Mar 10, 2020 - Sale 2533

Sale 2533 - Lot 110

Price Realized: $ 688
?Final Price Realized includes Buyer’s Premium added to Hammer Price
Estimate: $ 1,000 - $ 1,500
(COMMERCE.) British manuscript on American trade. 8 manuscript pages, 8 3/4 x 3 1/2 inches, on 2 folding sheets; minimal wear. With typed transcript. [Great Britain], circa 1801-10

Additional Details

This interesting but unattributed and apparently unpublished essay is titled "Loose mem'o respecting American commerce." Its basic thesis is set forth in its first sentence: "The Americans are at all times the best customers of Great Britain." He elaborates that "the industry & the enterprise of our countrymen (aided no doubt by the enjoyment of a neutral position) has enabled them to throw off their dependence on British merchant or manufacturer. They now have a sufficient capital of their own." In addition to the eager American market for British goods, the essay notes that British goods are often trans-shipped via America to other markets where Great Britain would not normally have access: "You have only to change the name of the manufacturer, & the wants of the colonists will shut their eyes to the origin of the fabric.
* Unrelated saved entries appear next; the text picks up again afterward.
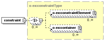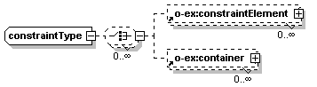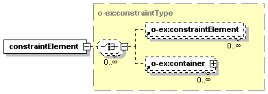 | source | <xsd:complexType name="constraintType"> <xsd:choice minOccurs="0" maxOccurs="unbounded"> <xsd:element ref="o-ex:constraintElement" minOccurs="0" maxOccurs="unbounded"/> <xsd:element ref="o-ex:container" minOccurs="0" maxOccurs="unbounded"/> </xsd:choice> </xsd:complexType> |
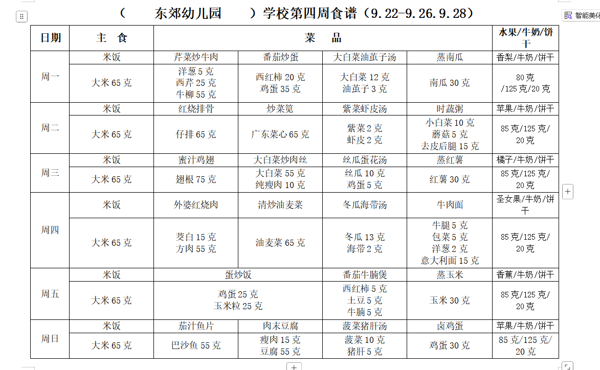东郊幼儿园2025-2026第一学期第四周幼儿食谱
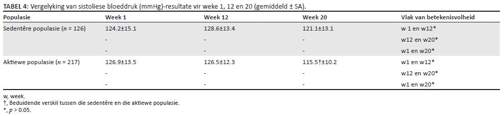 Wanneer sistolies BD vergelyk word (Tabel 4), sien ons ’n geleidelike daling in die resultate van die aktiewe populasie vanaf week 1 tot week 2, terwyl dié vir die sedentêre populasie gedurende week 12 ’n hoogtepunt bereik het. Sistoliese BD (Tabel 4) het beduidend gedaal in die aktiewe populasie vanaf weke 1 tot 20. Diastoliese BD (Tabel 5) het in albei populasies ’n daling getoon, maar in ’n groter mate in die aktiewe populasie.
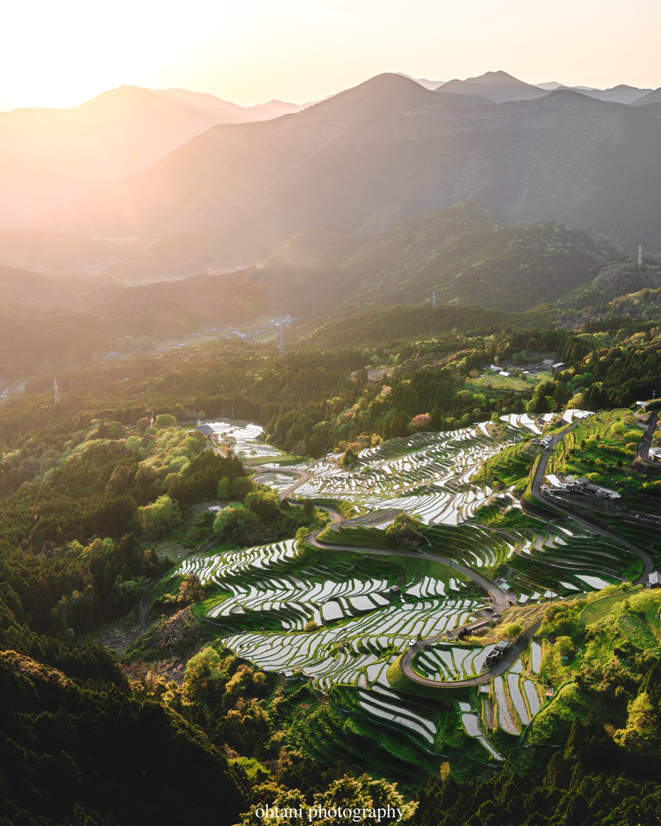 夕焼けの棚田とレーザービーム

I have known Liverpool ware, ornamented with the portrait of George III, passed as German manufactures." The essayist argues that the American trade is also bankrupting France. The essay presumably being written at the height of the Anglo-French War, he concludes that "G.B. ought, from motives of policy & interest, rather to promote than oppose this trade." An 1801 speech by Lord Grenville is cited, which helps narrow the date range, and the War of 1812 still seems to be in the future. In general, the essay seems to promote Anglo-American trade and cooperation at a time when other forces were driving them toward war instead.